With unilateral laryngeal lesions the abnormal vocal cord may be positioned in adduction, in which case there may be no symptoms; if it is positioned in abduction there will be hoarseness or aphonia but normal breathing. With bilateral lesions the vocal cords may be positioned in abduction, in which case there will be hoarseness or aphonia but normal breathing; if they are positioned in adduction there will be inspiratory phonation (stridor) and life-threatening respiratory obstruction.
The sternocleidomastoid is the only major striated muscle with ipsilateral cortical representation. Following destructive cerebral lesions weakness in the sternocleidomastoid is unusual but may occur ipsilaterally; contralateral trapezius weakness may also occur. The sternocleidomastoid is tested by having patients press their chin against resistance in the direction of the contralateral shoulder. Bilateral damage causes weakness of forward head flexion. Trapezius weakness is demonstrated by assessing shoulder elevation or shrugging or by observing winging of the upper scapula.
Hypoglossal Nerve (Cranial N. XII)
The hypoglossal nerve innervates the muscles of the tongue. It arises near the midline of the medulla oblongata and exits the posterior fossa through the hypoglossal foramen. Each hypoglossal nucleus receives bilateral projections from the motor cortex.
Inspection of the tongue may reveal atrophy or fasciculations, either of which indicates damage to lower motor neurons, either peripherally or in the medulla. Tongue atrophy, if unilateral, causes reduction in size on one side with excessive ridging and wrinkling of the affected side. Fasciculations in the tongue can be difficult to tell from normal tongue movements or tremor. These small local contractions are nonrhythmic and make the tongue resemble a bag of worms. They should be present when the tongue is completely at rest.
With unilateral weakness because of lesions of upper or lower motor neurons the tongue deviates toward the weak side. If there is no deviation, weakness is assessed by having the patient push the tongue into each cheek while the examiner pushes against the cheek. With unilateral lesions of upper motor neurons there may be no deviation and little evident weakness, yet patients may experience dysarthria (imperfect articulation), particularly with the lingual consonants (tay for anterior tongue, kay for the posterior tongue). Bilateral tongue weakness causes dysarthria, dysphagia, and sometimes even difficulty breathing.
Bilateral lesions of the lower brain stem can result in bulbar palsy. The tongue is paralyzed, atrophic, and fasciculating.
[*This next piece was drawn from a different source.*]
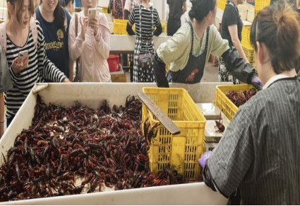 潜江小龙虾交易中心有“中国虾谷”之称,是全球最大的小龙虾集散中心,这里有供应链平台,提供撮合交易、仓储物流、金融贷款等服务。在交易市场车间,师生目睹分拣、置冰、打包、发货快速流程,操作人员在3秒内精准识别小龙虾的大小、色泽与鲜活度,日均处理量超300吨。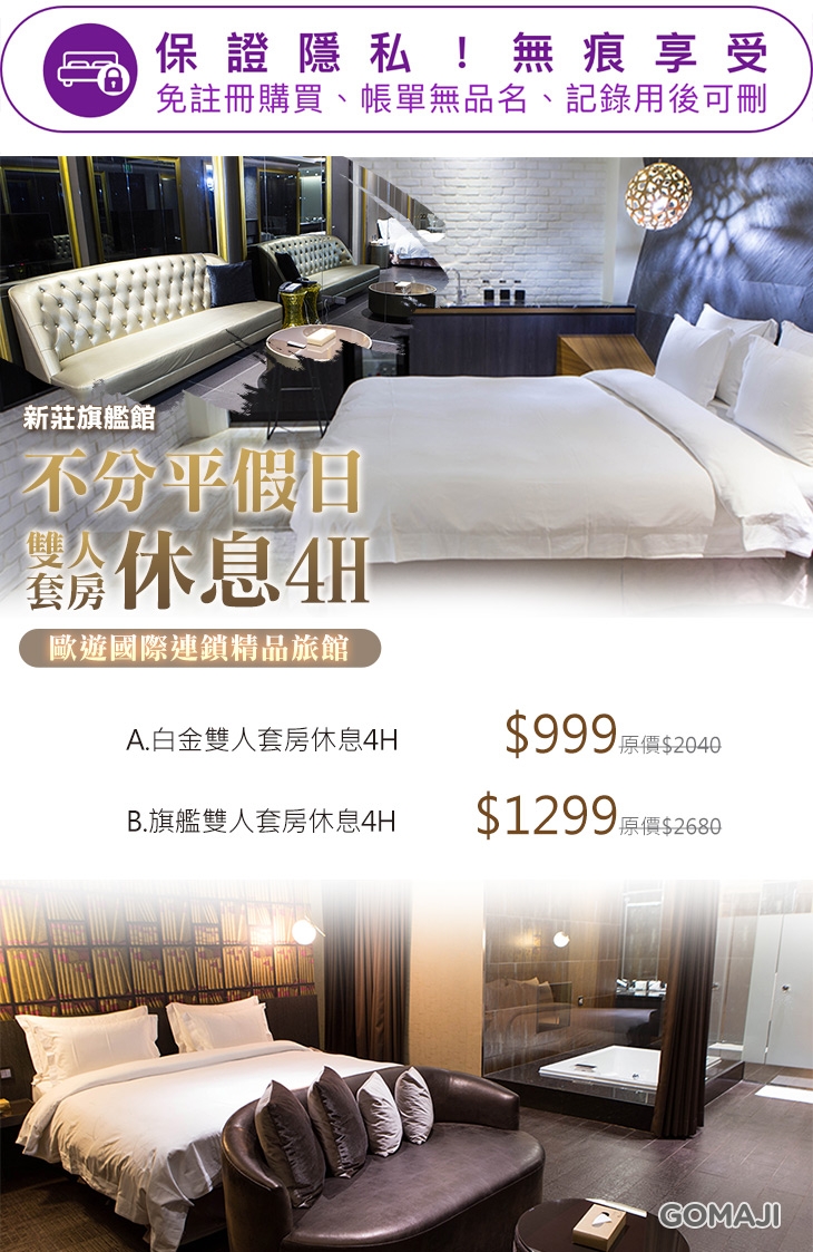 【新莊-歐遊國際連鎖精品旅館(旗艦館)】感謝麻吉們熱烈搶購,已全數賣光光。

There is no movement of the palate or pharynx with phonation, and the gag reflex is absent. With unilateral supranuclear lesions these muscles are often spared or only mildly impaired because of the bilateral cortical projections to lower brain stem motor neurons.
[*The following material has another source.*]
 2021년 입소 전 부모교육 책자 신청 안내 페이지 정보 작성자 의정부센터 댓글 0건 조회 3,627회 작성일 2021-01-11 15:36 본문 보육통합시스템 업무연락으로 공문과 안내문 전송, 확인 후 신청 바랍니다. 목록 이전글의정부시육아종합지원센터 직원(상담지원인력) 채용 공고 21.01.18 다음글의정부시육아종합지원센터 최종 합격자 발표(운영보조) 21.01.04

Bilateral lesions of the cerebrum or upper brain stem, however, can result in severe dysarthria and dysphagia because of effects on the corticobulbar pathway. The tongue is paralyzed but neither atrophic nor fasciculating. The palate and pharynx do not move with phonation, but the gag reflex is hyperactive. Such a patient is said to have pseudobulbar palsy. An interesting and unexplained feature of this syndrome is lability or hyperreflexia of emotional response. A remark that would normally produce a mild chuckle precipitates embarrassed peals of laughter, and asking a question such as "How are you feeling?" may result in explosive weeping.